→ Task goal
For the entries below, return the line holding "Abhishek's numbers in" together with all lines after it, unchanged, and leave every picture out.
--------
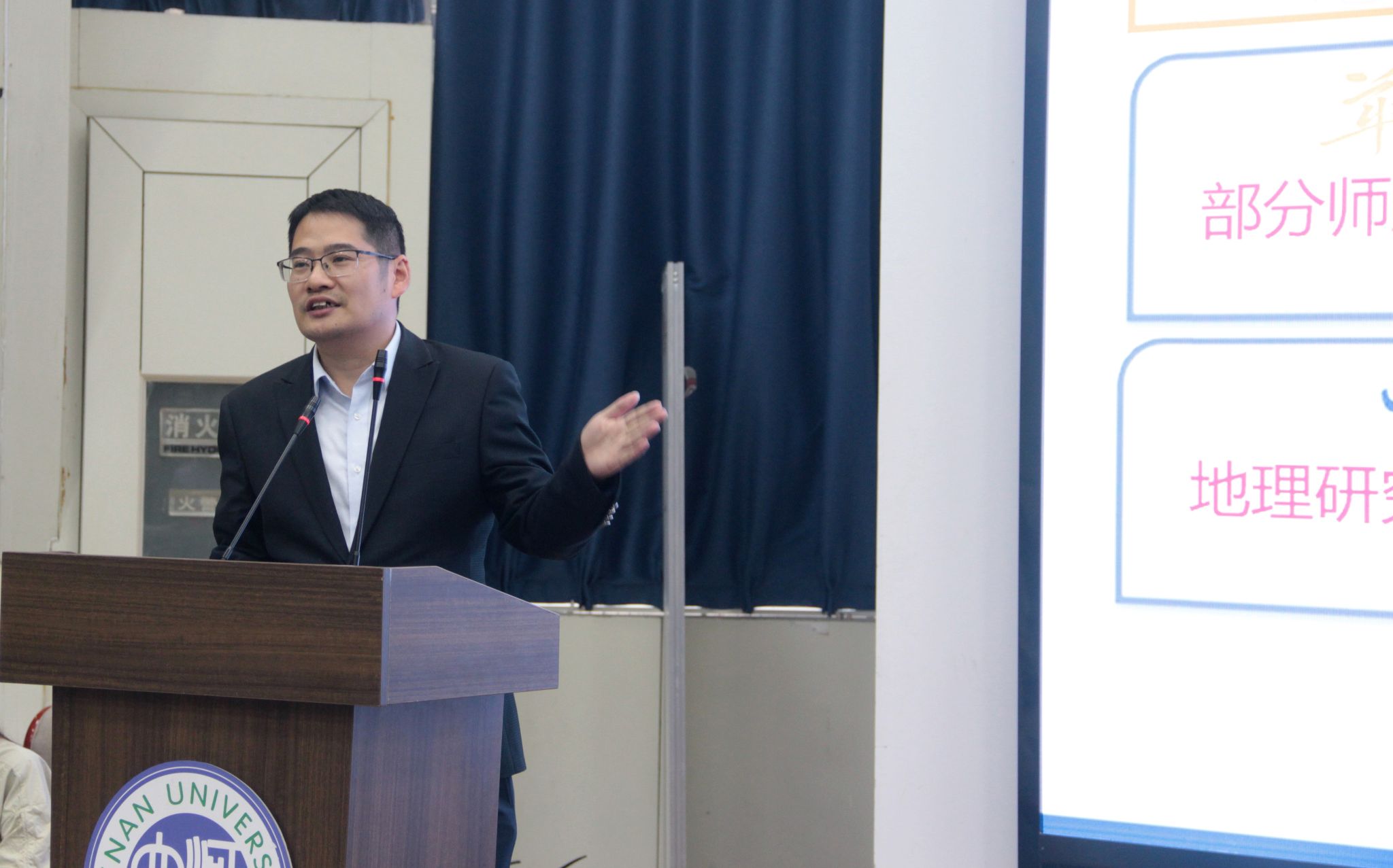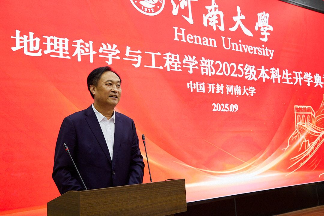 刘彦随代表学校和学部致辞。首先,他回顾了河南大学地理学科的百年积淀,从1923年地学创建至今,一代代地理人深耕不辍、奋发图强,形成了求真务实、开拓创新的专业文化。其次,详细介绍了地理学部由“三院一室一中心”组成的基本架构和聚焦地理科学与工程交叉融合的学科定位,以及地理学部建设“135规划”、地理学科发展“36X体系”和地理科学+技术+工程+实践(STEP)四维融通创新模式;梳理总结了地理学部自成立以来在深化改革、学科建设、科研创新、人才培养等方面取得的系列成果。最后强调指出,学部拥有空间基准全国重点实验室、河南大别山森林生态系统国家野外科学观测研究站、国家级实验教学示范中心等国家级平台条件,地理学科发展要立足平台优势和地域特点,聚焦综合地理学与地理工程前沿,突出时空大数据和生态地理学、气候地理学、地理教育学等专业特色,聚力黄河流域、生态文明、乡村振兴、都市圈战略和人地系统科学、人类地层学等领域科技攻关,奋勇争先、提质进位,努力实现学科筑峰和一流建设的“双突破”。同时,他希望广大新生要胸怀“国之大者”、树立远大目标,将个人理想融入国家发展大局、民族复兴大业;要坚定信心,勇于创新,在全球化、信息化和气候变化的时代背景下,致力于破解复杂人地系统耦合与可持续发展难题;要知行合一,重视实践,尽快融入学部的“系所一体化”培养体系,在深入实验室、研究基地锤炼本领,努力成长为具有家国情怀、国际视野、科学精神和实践能力的现代地理人才。
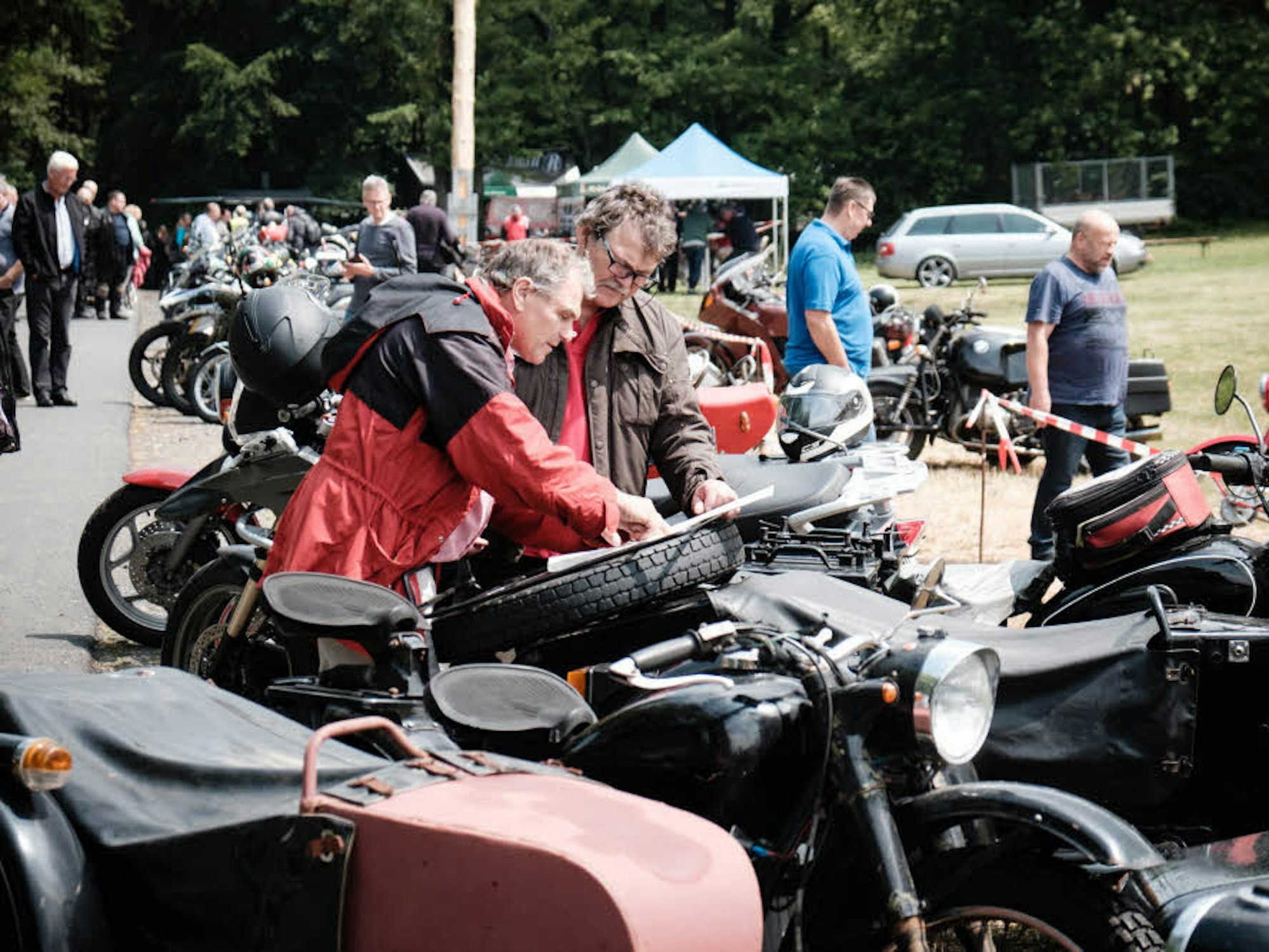 Mit 65 Jahren ist auch die NSU Max, eine glänzend schwarze Maschine mit Beiwagen, ein echter Oldtimer. Sie verfügt über einen Ventiltrieb mit Schubstangen, wie bei einer Dampflok. „Mein Mann hat mich mit seiner Leidenschaft für Motorräder angesteckt“, erklärt Besitzerin Maike Jung (60). Mittlerweile hat das Ehepaar sechs Maschinen in der heimischen Garage stehen. Regelmäßig tauschen sie sich auf Treffen wie dem in Kölsch-Büllesbach mit anderen Bikern aus.
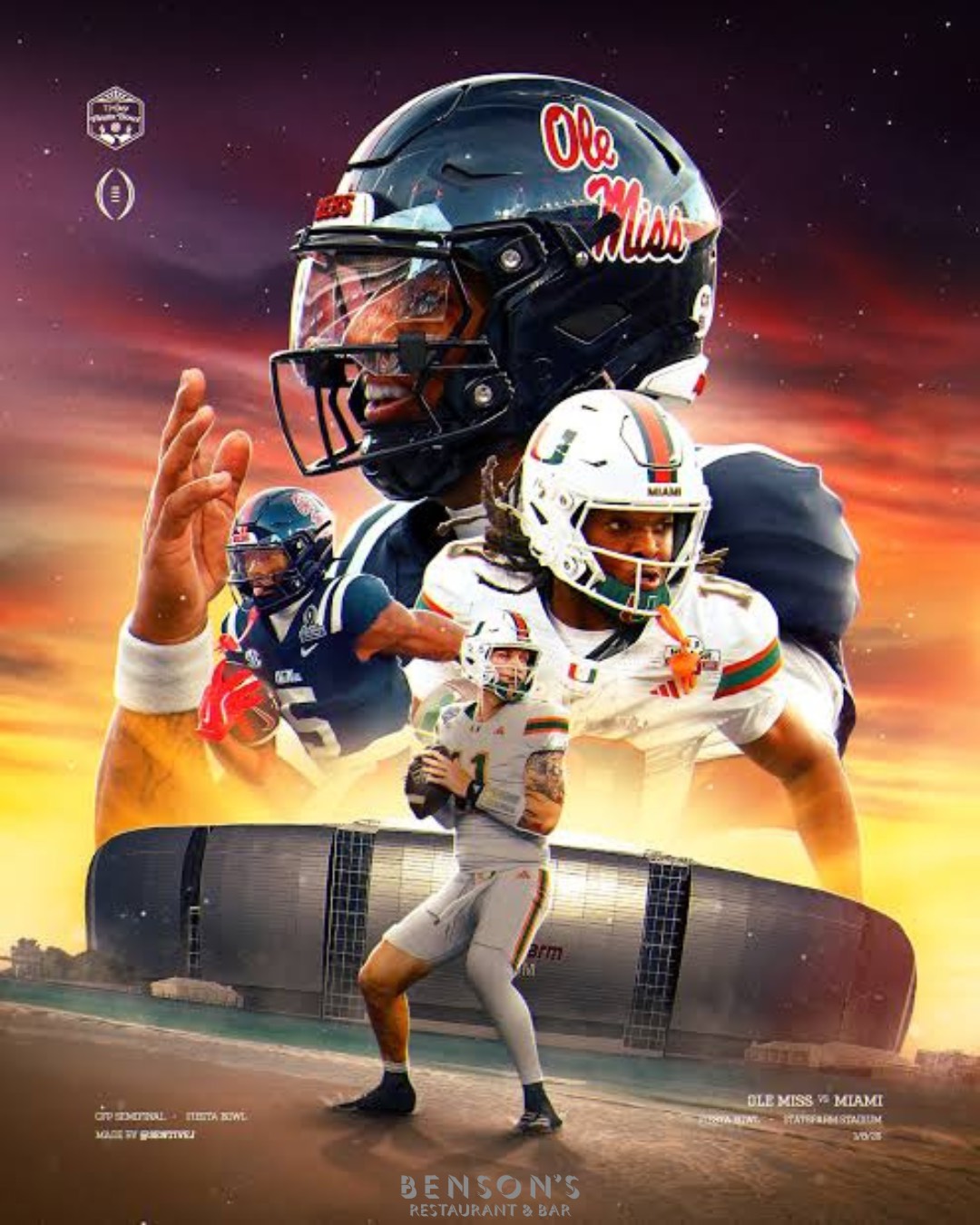 « All Events This event has passed. CFP | Semifinal at the Fiesta Bowl Thursday Jan 8 @ 5:30 pm - 8:30 pm « Aerial Yin Yoga (evening) with Celia House Sessions – Vol 4 » Miami FL vs Ole Miss – Happy hour: 2×1 classic margaritas from 7–8 PM Add to calendar Google Calendar iCalendar Outlook 365 Outlook Live Details Date: Thursday Jan 8 Time: 5:30 pm - 8:30 pm Venue Benson’s Restaurant & Bar
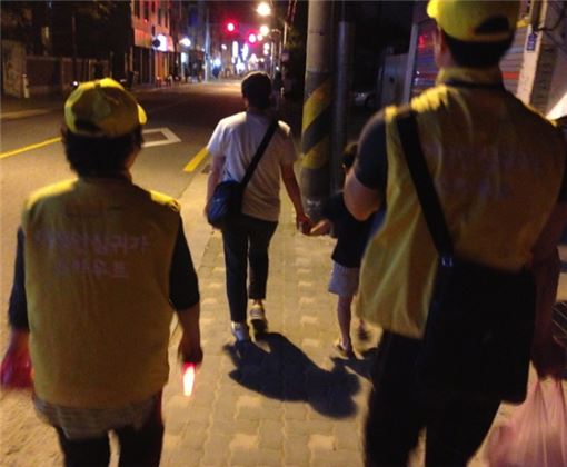 ▲ 서울시가 이번달부터 오는 11월까지 심야시간(밤 10시~새벽 1시) 여성들의 귀가를 동행 지원하는 '여성 안심귀가스카우트'를 운영한다. 사진은 지난 5일 밤 신청자 김주리(37, 마포구 합정동) 씨의 귀갓길을 두 명의 스카우트들이 동행하는 모습.
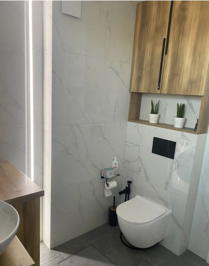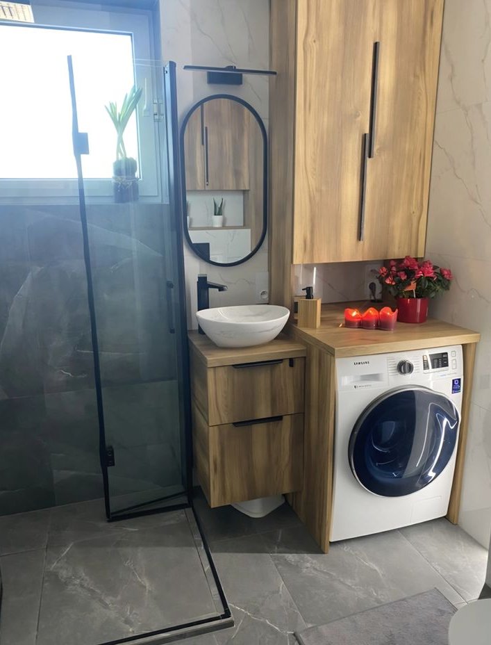 • łazienka z oknem, z kabiną walk in i toaletą z zestawem podtynkowym WC oraz bidetką, w zabudowie meblowej oraz pralko suszarka w zabudowie.
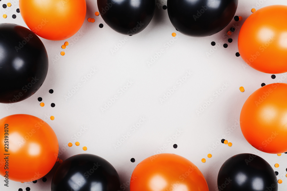 Black and orange balloons and confetti frame for Halloween card or invitation. Flat lay.
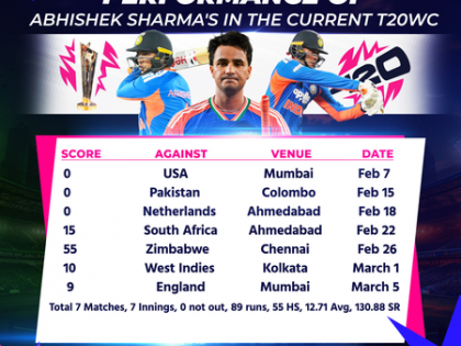 Abhishek's numbers in the tournament make for uncomfortable reading. In seven matches, the left-hander has managed scores of 0, 0, 0, 15, 55, 10 and 9, a total of just 89 runs at an average of 12.71.
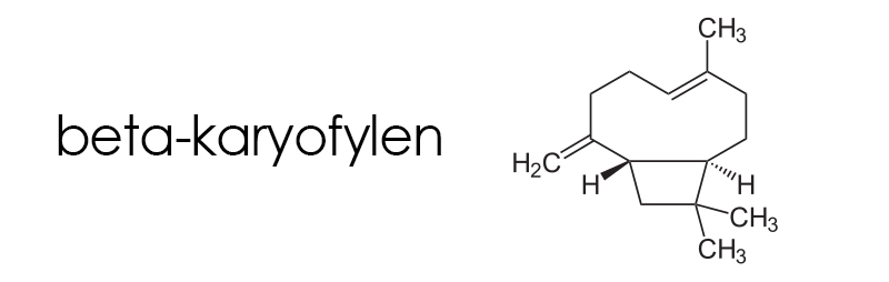 Seskviterpen beta-karyofylen se váže pouze na receptory typu CB2 a jejich aktivací působí protizánětlivě, analgeticky a hojivě, aniž by působil psychoaktivně, jako např. THC. Ve střevech ovlivňuje pohyb střev, tlumí nadměrnou aktivaci.
--------
→ Answer section
 Abhishek's numbers in the tournament make for uncomfortable reading. In seven matches, the left-hander has managed scores of 0, 0, 0, 15, 55, 10 and 9, a total of just 89 runs at an average of 12.71.
 Seskviterpen beta-karyofylen se váže pouze na receptory typu CB2 a jejich aktivací působí protizánětlivě, analgeticky a hojivě, aniž by působil psychoaktivně, jako např. THC. Ve střevech ovlivňuje pohyb střev, tlumí nadměrnou aktivaci.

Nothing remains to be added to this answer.